In this context, the weekly Stochastic RSI is one of the most promising indicators, having recently moved out of oversold levels. Generally, this pattern coincides with critical inflection points, such as the lows seen in 2019, the post-COVID crash in 2020, and the aftermath of the FTX collapse in 2022.
Added to these factors is a bullish divergence on the three-day chart, where the price is marking lower lows but momentum is not, suggesting an exhaustion of selling pressure.

Miner Capitulation and Macro Liquidity Injection
Miner behavior is another crucial factor. In this regard, VanEck indicated that the recent 4% drop in hashrate is a bullish contrarian signal linked to miner capitulation. Statistically, since 2014, when the hashrate compresses in this manner, BTC has generated positive returns 65% of the time in the following 90 days, with the probability increasing to 77% over a six-month horizon.
On the other hand, the macroeconomic landscape is sending signals of relief.
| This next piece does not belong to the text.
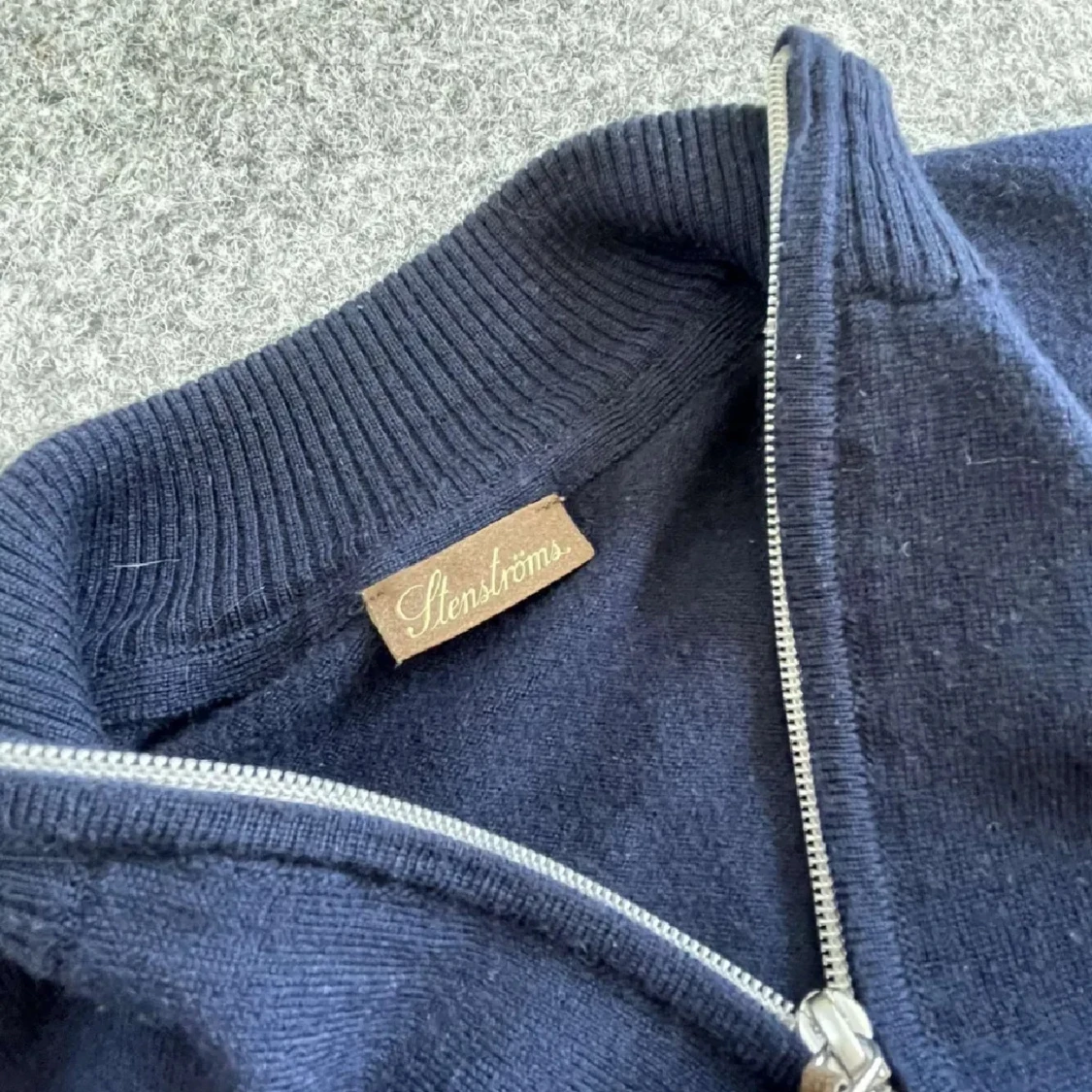 En fet och ren mörkblå full zip cardigan (kofta med zip) från Stenströms. Praktisk dragkedja med ribbade ärmar och krage 🤩 Storlek S Nypris: 2300kr Kondition: 9/10

Analysis of the National Financial Conditions Index (NFCI) suggests that peaks in tightening often precede rallies in crypto assets.
This scenario could allow the market to establish a Bitcoin local bottom within the next 4 to 6 weeks, driven by a Federal Reserve asset rotation into Treasury bills—similar to the 2019 liquidity injection that triggered a 40% price surge.
In summary, while general sentiment remains cautious and some analysts still foresee drops toward lower support zones, technical data indicates that capitulation is nearing completion, laying the groundwork for a solid recovery in the short term.